■ Exercise requirements ■
Once the line holding "커브드 사이드 핀턱 벌룬 스웨트팬츠 GLP-650_블랙" is found in the listing below, write it out and each later line exactly, up to and including the one holding "3586 - محمد".

■ Given data ■

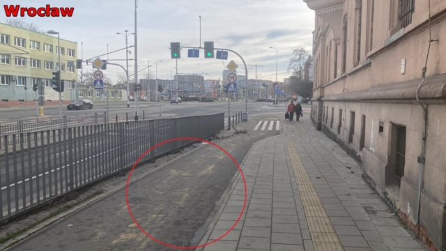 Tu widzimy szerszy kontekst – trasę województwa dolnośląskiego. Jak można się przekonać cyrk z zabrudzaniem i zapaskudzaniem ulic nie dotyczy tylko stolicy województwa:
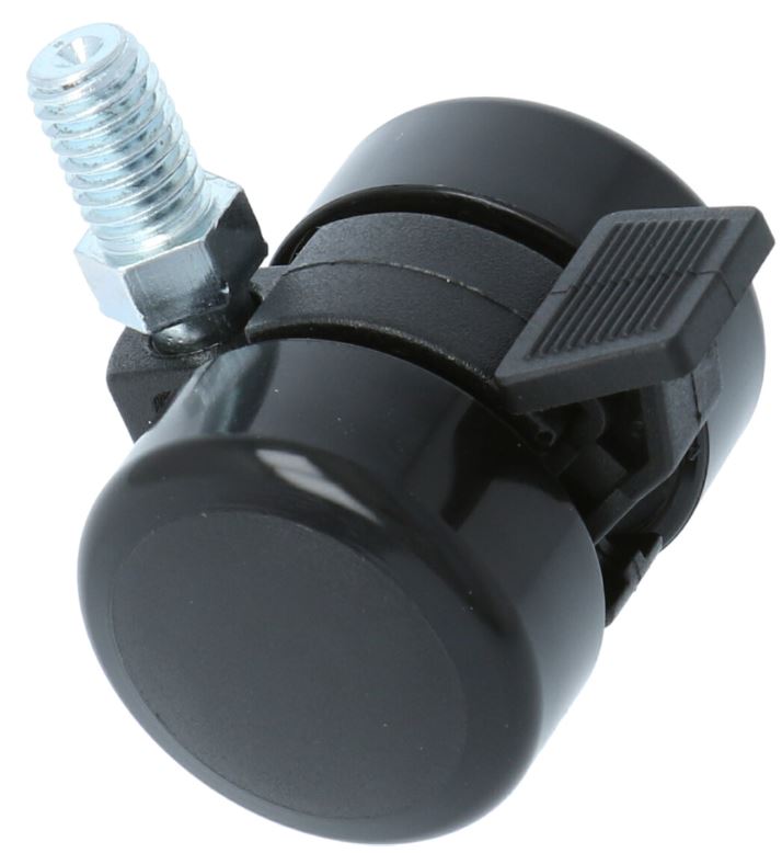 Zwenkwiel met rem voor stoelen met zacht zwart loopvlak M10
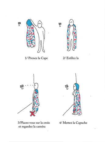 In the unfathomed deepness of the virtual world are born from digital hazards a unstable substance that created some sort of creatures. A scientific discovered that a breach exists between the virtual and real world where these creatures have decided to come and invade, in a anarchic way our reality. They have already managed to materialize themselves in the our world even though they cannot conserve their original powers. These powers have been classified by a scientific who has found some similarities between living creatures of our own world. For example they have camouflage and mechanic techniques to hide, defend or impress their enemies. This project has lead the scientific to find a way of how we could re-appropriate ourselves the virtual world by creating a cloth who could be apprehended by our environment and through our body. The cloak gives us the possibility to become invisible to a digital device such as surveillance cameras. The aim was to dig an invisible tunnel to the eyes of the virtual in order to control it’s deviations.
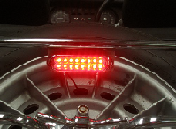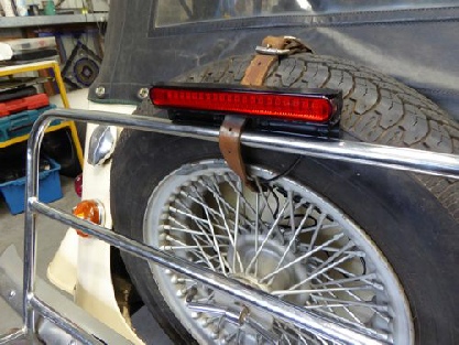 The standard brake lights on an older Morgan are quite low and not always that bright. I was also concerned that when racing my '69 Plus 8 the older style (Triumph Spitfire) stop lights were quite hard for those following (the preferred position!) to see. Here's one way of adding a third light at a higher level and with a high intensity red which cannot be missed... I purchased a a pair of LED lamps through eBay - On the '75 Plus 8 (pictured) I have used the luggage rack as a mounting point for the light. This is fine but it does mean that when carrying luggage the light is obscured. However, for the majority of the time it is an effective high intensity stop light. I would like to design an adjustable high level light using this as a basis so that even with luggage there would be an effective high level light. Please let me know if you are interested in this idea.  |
* * *
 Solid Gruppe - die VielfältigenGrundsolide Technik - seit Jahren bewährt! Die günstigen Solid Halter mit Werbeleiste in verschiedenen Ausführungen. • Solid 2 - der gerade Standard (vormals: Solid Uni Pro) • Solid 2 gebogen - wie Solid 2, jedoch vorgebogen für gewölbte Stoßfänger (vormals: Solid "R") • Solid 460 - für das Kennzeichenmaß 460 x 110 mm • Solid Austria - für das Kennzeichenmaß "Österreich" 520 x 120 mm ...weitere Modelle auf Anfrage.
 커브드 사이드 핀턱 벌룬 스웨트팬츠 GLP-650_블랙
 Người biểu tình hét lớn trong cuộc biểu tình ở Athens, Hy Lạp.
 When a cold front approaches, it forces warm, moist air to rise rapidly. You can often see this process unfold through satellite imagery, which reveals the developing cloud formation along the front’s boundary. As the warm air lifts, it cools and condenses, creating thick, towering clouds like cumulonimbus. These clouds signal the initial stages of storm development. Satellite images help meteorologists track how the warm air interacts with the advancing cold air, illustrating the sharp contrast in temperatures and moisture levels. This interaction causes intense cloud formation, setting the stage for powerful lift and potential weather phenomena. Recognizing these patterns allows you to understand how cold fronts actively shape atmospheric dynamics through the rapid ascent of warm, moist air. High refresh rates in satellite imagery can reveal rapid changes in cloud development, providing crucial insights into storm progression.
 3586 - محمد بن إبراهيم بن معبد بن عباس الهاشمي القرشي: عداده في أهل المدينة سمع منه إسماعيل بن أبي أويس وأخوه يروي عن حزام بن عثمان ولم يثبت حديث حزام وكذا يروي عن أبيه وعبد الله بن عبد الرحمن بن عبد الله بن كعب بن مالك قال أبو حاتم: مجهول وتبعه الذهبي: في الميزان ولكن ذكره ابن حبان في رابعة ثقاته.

■ Response to this exercise ■
 커브드 사이드 핀턱 벌룬 스웨트팬츠 GLP-650_블랙
 Người biểu tình hét lớn trong cuộc biểu tình ở Athens, Hy Lạp.
 When a cold front approaches, it forces warm, moist air to rise rapidly. You can often see this process unfold through satellite imagery, which reveals the developing cloud formation along the front’s boundary. As the warm air lifts, it cools and condenses, creating thick, towering clouds like cumulonimbus. These clouds signal the initial stages of storm development. Satellite images help meteorologists track how the warm air interacts with the advancing cold air, illustrating the sharp contrast in temperatures and moisture levels. This interaction causes intense cloud formation, setting the stage for powerful lift and potential weather phenomena. Recognizing these patterns allows you to understand how cold fronts actively shape atmospheric dynamics through the rapid ascent of warm, moist air. High refresh rates in satellite imagery can reveal rapid changes in cloud development, providing crucial insights into storm progression.
 3586 - محمد بن إبراهيم بن معبد بن عباس الهاشمي القرشي: عداده في أهل المدينة سمع منه إسماعيل بن أبي أويس وأخوه يروي عن حزام بن عثمان ولم يثبت حديث حزام وكذا يروي عن أبيه وعبد الله بن عبد الرحمن بن عبد الله بن كعب بن مالك قال أبو حاتم: مجهول وتبعه الذهبي: في الميزان ولكن ذكره ابن حبان في رابعة ثقاته.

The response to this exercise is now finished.